The importance of data about dosimetry in the occurrence of intestinal toxicity is sustained by numerous experiments. In particular, Gulliford et al. [33] demonstrates the statistically significant contribution of V30 in the occurrence of rectal bleeding, proctitis, and fecal incontinence. It follows that more attention is being paid in radiation therapy to the use of radiotherapy techniques that can minimize rectal exposure at low and intermediate doses (e.g., Volumetric Modulated Arc Therapy, proton-therapy) or devices that can favorably modify pelvic anatomy (e.g., Hydrogel Spacer in Boston Scientific Corporation, Natick, MA, USA).

The literature data tend to confirm the beneficial effect of using short-chain fatty acids, in particular acetate, propionate, and butyrate. These acids are produced through the fermentation of hydrocarbons, celluloses, and starches under anaerobic conditions by various microorganisms [5]; this process also takes place in the colon thanks to the intestinal microbiome, particularly by anaerobic bacterial flora residing in mammalian colons.

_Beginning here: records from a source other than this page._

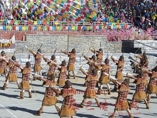 10月26日,在甲居藏寨,處處洋溢著豐收和歡樂的氣氛,人們扶老攜幼,身著節(jié)日的盛裝走到一起,來共同慶祝丹巴嘉絨風(fēng)情節(jié)的順利召開。在一塊空地中,搭建了臨時(shí)的舞臺(tái),看臺(tái)上,幾座古碉模型傲然挺立,在不遠(yuǎn)處,一座古碉矗立在一座小山包上,與古碉模型遙相呼應(yīng)、相映成趣。上午9時(shí)40分,當(dāng)節(jié)目主持人宣布嘉絨風(fēng)情節(jié)正式開始時(shí),一束束搖曳的煙花向空中飛去,在空中炸響后,散發(fā)出五顏六色的煙霧,其中有的還幻化成幾多小小的降落傘,就像多多盛開的鮮花在空中綻放。演出現(xiàn)場前的大地和遠(yuǎn)處的小山坡上到處都站滿了熱情的觀眾,合著禮花的爆裂時(shí)的響聲,將手中的小紅旗展開,高舉過頭頂,有節(jié)奏的左右搖動(dòng),霎時(shí)間,整個(gè)現(xiàn)場成為了紅色的海洋。
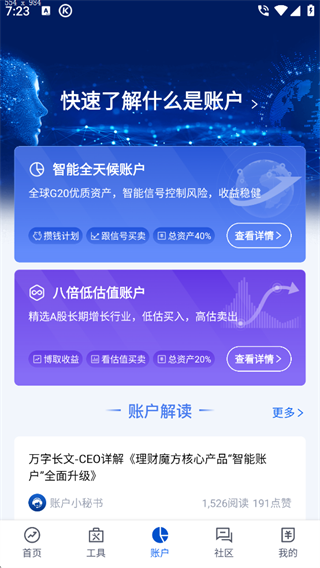 理财魔方App是一款智能基金投顾平台,通过个性化分析定制理财计划,根据您的投资金额、家庭情况、可投资资产等信息进行50亿次大数据分析,为您提供优质资产配置,获取优质回报。除此之外,理财魔方App最大的亮点就在于理财安全,整个平台由专业的团队打造安全领域,且利用人工智能实时监控你的财产,再加上证监会安全监督,能让用户放心存大钱。
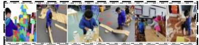 现在班级幼儿人数较多,仅凭教师一人进行各种观察难以做到全面,或个体有效观察。但是教师利用相机、录像设备,通过拍照、录像,可以进行间断性,连续性地捕捉幼儿在自然状态下的表现行为。教师再利用剪影APP 软件,对原始视频进行拼接、裁剪,再利用WPS 美篇,可以将图片、文字、视频整合为结构化文档,进行后续分析,为因材施教提供依据。下面是教师用视频记录军军玩建构游戏的情景(节选)。第一幅图是军军早上自主搭建情景。第二幅是集体活动军军自主搭建小木桥。第三幅图是军军垒叠杯子游戏。第四、五幅图是军军搭建滑滑梯和观察同伴搭建的情景,第六幅图是军军拼建龙车情景。画面显示军军认真专注,在思考问题,观察他人建构也很认真,表明军军是一个聪明好学的孩子,拥有较好的学习品质。
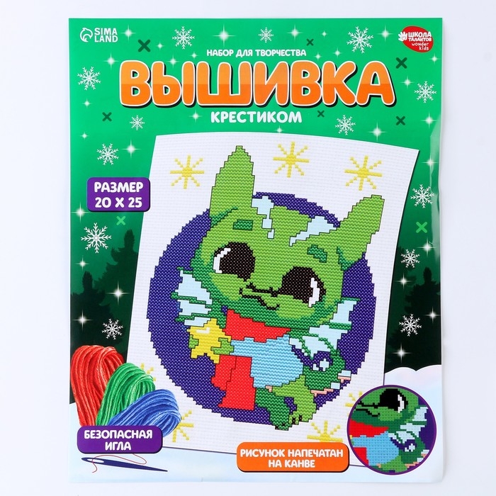 Вышивка крестиком на новый год «Дракончик со звёздочкой», 25 х 20 см, новогодний набор для творчества

These acids exert a trophic effect on intestinal mucosa by stimulating blood flow, homeostasis, and epithelial barrier integrity [24]. Studies on microbiomes have highlighted the importance of short-chain fatty acids also for their anti-inflammatory effects, and in stimulating cell proliferation and differentiation by their trophic effect. For example, it has been hypothesized that the influence of these molecules on microbiota’s composition has a major impact in IBD (Inflammatory Bowel Syndrome) and, in particular, on the degree of disease activity [5].

In addition, as discussed previously, numerous data from the literature show that butyrate exerts several favorable intestinal effects, such as prevention and inhibition of colic carcinogenesis, improvement of the inflammatory and oxidative state, barrier effect at the epithelial level, and even a modulation of visceral sensitivity and intestinal motility. The last effects may explain the reason for overall better quality of life during radiotherapy treatment [5].

5. Conclusions

This article evaluated the effect of MESB as a medical aid to reduce gastrointestinal side effects of RT in prostate cancer patients. Results suggest that treatment with MESB may reduce the frequency of bowel movements and incidence of fecal incontinence both at the end of radiation therapy (Tx) and four weeks after its conclusion, when butyrate administration was finally stopped (T2). Treatment with MESB appears to protect against abdominal pain beginning from the end of radiotherapy and continuing without significant changes at T2. Patients’ overall health state at the end of RT showed a decline, but then improved after 1 month, thus indicating that MESB may improve patients’ quality of life and overall satisfaction after RT. Despite its limitation (mainly due to the absence of a control group) this is one of the first articles to investigate prophylactic administration of oral butyrate in patients undergoing pelvic RT. This oral formulation appears more tolerated and accepted by patients compared to therapy with enemas discussed in previous studies. Further research is needed to gain more statistically significant data.